When a number is multiplied by itself thrice, the resultant number is called the cube of a number. Cubing is used while comparing sizes of objects or things with cubic measurements. In this topic, we shall learn about cubes of 72.

Cube of 72

A cube number is a value obtained by raising a number to the power of 3, or by multiplying the number by itself three times.

When you cube a positive number, the result is always positive.

When you cube a negative number, the result is always negative.

This is because a negative number by itself three times results in a negative number.

The cube of 72 can be written as 72³, which is the exponential form.

Or it can also be written in arithmetic form as, 72 × 72 × 72.

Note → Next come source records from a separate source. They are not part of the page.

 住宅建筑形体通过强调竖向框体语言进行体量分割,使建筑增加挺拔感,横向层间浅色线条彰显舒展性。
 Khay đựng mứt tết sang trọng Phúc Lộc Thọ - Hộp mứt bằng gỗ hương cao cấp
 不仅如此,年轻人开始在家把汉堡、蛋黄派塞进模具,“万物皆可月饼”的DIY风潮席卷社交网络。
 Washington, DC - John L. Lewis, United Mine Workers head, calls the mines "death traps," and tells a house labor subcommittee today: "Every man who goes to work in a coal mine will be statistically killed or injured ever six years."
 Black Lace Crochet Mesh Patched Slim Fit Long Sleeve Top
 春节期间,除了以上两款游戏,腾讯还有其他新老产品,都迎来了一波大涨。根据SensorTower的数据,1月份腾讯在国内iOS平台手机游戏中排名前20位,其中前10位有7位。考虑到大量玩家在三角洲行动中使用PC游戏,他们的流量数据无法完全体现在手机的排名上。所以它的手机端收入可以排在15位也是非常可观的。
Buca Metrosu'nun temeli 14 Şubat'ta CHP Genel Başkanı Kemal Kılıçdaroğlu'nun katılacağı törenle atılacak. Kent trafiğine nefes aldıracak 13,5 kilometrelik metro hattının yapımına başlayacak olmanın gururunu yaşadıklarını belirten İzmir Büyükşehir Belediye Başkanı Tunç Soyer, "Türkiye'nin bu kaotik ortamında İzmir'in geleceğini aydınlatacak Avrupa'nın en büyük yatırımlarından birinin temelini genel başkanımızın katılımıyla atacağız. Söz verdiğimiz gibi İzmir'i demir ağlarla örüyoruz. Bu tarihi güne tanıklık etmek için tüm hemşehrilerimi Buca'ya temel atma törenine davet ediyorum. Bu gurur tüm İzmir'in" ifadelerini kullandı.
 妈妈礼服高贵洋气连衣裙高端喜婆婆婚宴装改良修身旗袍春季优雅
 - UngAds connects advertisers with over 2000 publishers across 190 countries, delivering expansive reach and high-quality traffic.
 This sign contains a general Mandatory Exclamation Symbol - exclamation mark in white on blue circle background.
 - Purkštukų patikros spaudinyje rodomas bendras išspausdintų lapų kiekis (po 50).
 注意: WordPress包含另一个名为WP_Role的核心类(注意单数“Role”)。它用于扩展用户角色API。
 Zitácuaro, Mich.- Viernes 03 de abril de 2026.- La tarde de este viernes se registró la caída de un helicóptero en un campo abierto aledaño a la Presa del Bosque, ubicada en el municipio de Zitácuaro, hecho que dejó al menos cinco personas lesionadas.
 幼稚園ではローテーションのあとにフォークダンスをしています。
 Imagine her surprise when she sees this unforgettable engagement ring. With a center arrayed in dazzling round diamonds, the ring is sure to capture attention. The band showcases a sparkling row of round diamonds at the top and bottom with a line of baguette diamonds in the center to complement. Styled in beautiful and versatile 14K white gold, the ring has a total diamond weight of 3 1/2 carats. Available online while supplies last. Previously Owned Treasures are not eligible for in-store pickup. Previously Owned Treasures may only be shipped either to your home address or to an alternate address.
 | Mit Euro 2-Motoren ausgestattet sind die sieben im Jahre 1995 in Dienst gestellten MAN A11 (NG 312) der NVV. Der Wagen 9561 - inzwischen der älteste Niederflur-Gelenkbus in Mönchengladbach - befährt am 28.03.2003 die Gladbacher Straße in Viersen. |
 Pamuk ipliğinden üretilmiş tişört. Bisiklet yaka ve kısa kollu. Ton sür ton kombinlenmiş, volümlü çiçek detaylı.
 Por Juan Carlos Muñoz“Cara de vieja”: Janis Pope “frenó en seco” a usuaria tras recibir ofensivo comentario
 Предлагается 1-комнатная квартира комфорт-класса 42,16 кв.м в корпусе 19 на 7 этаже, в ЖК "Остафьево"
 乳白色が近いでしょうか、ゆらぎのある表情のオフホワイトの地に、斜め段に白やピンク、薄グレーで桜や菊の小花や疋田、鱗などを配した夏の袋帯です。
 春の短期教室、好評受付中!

How to Calculate the Value of Cube of 72

In order to check whether a number is a cube number or not, we can use the following three methods, such as the multiplication method, a factor formula (a³), or by using a calculator. These three methods will help kids to cube the numbers faster and easier without feeling confused or stuck while evaluating the answers.

  • By Multiplication Method
     
  • Using a Formula (a3)
     
  • Using a Calculator

By Multiplication Method

The multiplication method is a process in mathematics used to find the product of two numbers or quantities by combining them through repeated addition. It is a fundamental operation that forms the basis for more complex mathematical concepts.

Step 1: Write down the cube of the given number. 72³ = 72 × 72 × 72

Step 2: You get 373,248 as the answer.

Hence, the cube of 72 is 373,248.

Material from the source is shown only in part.